Optional extras for production use:

# Redis cache backend + FAISS vector search
pip install "toolfusion[redis,faiss]"

# Full stack: Redis, FAISS, spaCy NER, sentence-transformers, OpenTelemetry, LLM fusion
pip install "toolfusion[all]"
Available extras
Extra Packages Use Case
redis redis[hiredis] Distributed cache backend + vector search
faiss faiss-cpu Fast similarity search for semantic cache
spacy spacy Entity extraction for fusion/conflict resolution
transformers sentence-transformers, torch Higher-accuracy embeddings (accurate preset)
otel opentelemetry-api, opentelemetry-sdk Distributed tracing and metrics
llm openai LLM-based fusion strategy
all All of the above Everything
dev pytest, pytest-asyncio, ruff Development/testing

Quick Start

Async (recommended)

import asyncio
from toolfusion import ToolFusion

async def main():
    async with ToolFusion(preset="balanced") as tf:

        @tf.tool(cache_mode="semantic_ok", ttl=300, freshness="daily")
        async def search(query: str) -> dict:
            # Your actual tool implementation
            return {"results": [f"Result for: {query}"]}

        # First call — executes the tool
        r1 = await tf.call("search", {"query": "python async patterns"})
        print(r1.cache_info.source)  # "miss"

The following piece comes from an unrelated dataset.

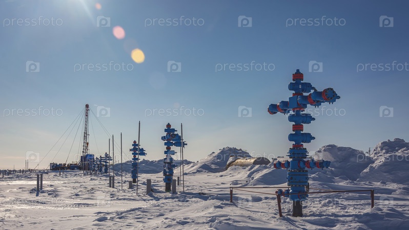 Северное газовое месторождение. На переднем плане ряд газодобывающих скважин. На заднем плане мобильная установка для ремонта скважин. Морозный зимний день. Земля покрыта снегом
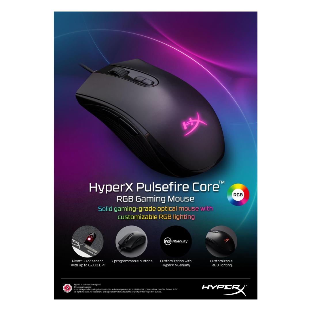 The HyperX Pulsefire Core™ delivers the essentials for gamers looking for a solid, comfortable, wired RGB gaming mouse. The Pixart 3327 optical sensor gives players precise, smooth tracking with no hardware acceleration, and has native DPI settings up to 6200 DPI. The ergonomically-designed Pulsefire Core has textured side grips for a comfortable, no-slip grip, and its symmetrical shape is suitable for both palm and claw grip. It features high-quality switches with crisp tactile feedback rated for up to 20 million clicks. Customize lighting, DPI settings, and macros for 7 programmable buttons with HyperX NGenuity software and set your mouse up just the way you want it. The large skates on Pulsefire Core help deliver accurate aiming by giving you a smooth, controlled glide as you move the mouse.

        # Identical call — instant L1 cache hit
        r2 = await tf.call("search", {"query": "python async patterns"})
        print(r2.cache_info.source)  # "l1_cache"

        # Similar call — semantic L2 cache hit
        r3 = await tf.call("search", {"query": "python asynchronous patterns"})
        print(r3.cache_info.source)  # "l2_cache"

asyncio.run(main())

Sync

from toolfusion import ToolFusion

with ToolFusion(preset="fast") as tf:

    @tf.tool(cache_mode="exact_only", ttl=60)
    def calculate(x: int, y: int) -> int:
        return x + y

    r = calculate(2, 3)
    print(r.result)  # 5

Framework Adapters

ToolFusion works with any agent framework:

# LangChain
from toolfusion.adapters import langchain_adapter
wrapped_tools = langchain_adapter.wrap(your_langchain_tools, preset="balanced")

# OpenAI Agents SDK
from toolfusion.adapters import openai_adapter
wrapped_fn = openai_adapter.wrap(your_tool_function, preset="balanced")

# CrewAI
from toolfusion.adapters import crewai_adapter
wrapped_tools = crewai_adapter.wrap(your_crewai_tools, preset="balanced")

# AutoGen
from toolfusion.adapters import autogen_adapter
wrapped_fn = autogen_adapter.wrap(your_autogen_function, preset="balanced")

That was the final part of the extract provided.